Les faux sourires affligés.

Les condoléances, encore.

La solitude, encore.

La solitude, toujours.

La solitude. C'est ce qui la poursuit depuis ce jour fatidique, qui ne la quitte plus.

Cersei n'a pas revu son père, ni son frère, son autre frère, pas le bon, malheureusement, non, le bon, elle ne le verra plus jamais, plus jamais, et ça fait mal, ça fait bien plus mal que toutes les blessures physiques qu'elle a subies à cause de l'accident.

Ils ne lui ont pas adressé la parole pendant l'enterrement de Jaime, elle a juste croisé le regard de son père, réprobateur, presque de la déception dans ses iris vertes et or, comme s'il était déçu qu'elle ait miraculeusement survécu et pas son frère jumeau, comme si c'était le mauvais enfant qui était resté tandis que le bon était parti.

Elle ressent la même chose.

Quand elle s'est réveillée à l'hôpital, entourée de médecins et d'infirmières et de personnel soignant en tous genre, ils semblaient tous soulagés. À nous.

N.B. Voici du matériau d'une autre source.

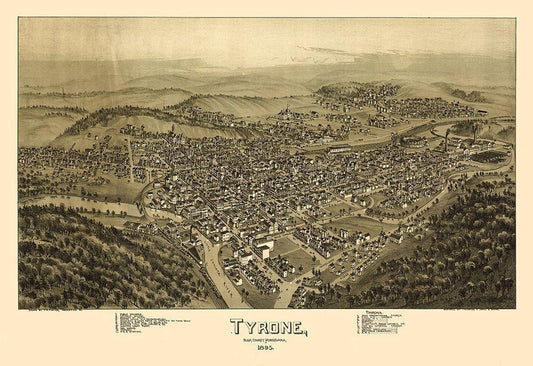 Tyrone Pennsylvania - Fowler 1895 White Modern Wood Framed Art Print with Double Matting by Fowler

Un jeune interne évalué même félicitée de s'être battue, d'avoir choisi la vie.

Il n'avait rien compris, lui.

Elle n'avait pas choisi la vie.

C'était la mort qui n'avait pas voulu d'elle.

C'était la mort qui n'avait pas voulu lui faire la grâce de l'accueillir en même temps que son frère jumeau, que son autre moitié, que son tout.

Elle aurait pu essayer de le rejoindre.

Ça aussi, elle y pense souvent, en regardant la mer.

À ce que cela ferait si elle avançait dans l'eau turquoise, sans jamais s'arrêter, ni se retourner, en s'enfonçant de plus en plus profondément dedans, pour ne plus jamais en ressortir, ou si elle s'allongeait presqu ' à l'endroit où les vagues viennent se briser et où l'écume vient de chatouiller les dunes, et attendait que les flots l'emportent.

Elle ne sait pas pourquoi elle ne l'a toujours pas fait, d'ailleurs.

Maintenant, plus rien ne la retient.

Elle n'a plus rien.

Elle est seule, et la solitude, elle n'en peut plus, elle n'en veut plus.

Si Cersei est née avec un frère jumeau tenant son pied, la suivante de seulement quelques minutes, même pas, quelques secondes, c'est bien pour ne jamais être seule.

Elle a grandi avec lui, l'ensemble connu avant même qu'ils ne viennent au monde.

Ils avaient dû le quitter ensemble. C'est ce qu'ils s'étaient toujours promis.

Mais voilà, le destin en a décidé autrement.

Jaime est mort. Cersei est vivante.

Jaime est au ciel. Cersei est devant la mer.

Mais Jaime n'est plus, alors, Cersei n'est plus vraiment non plus.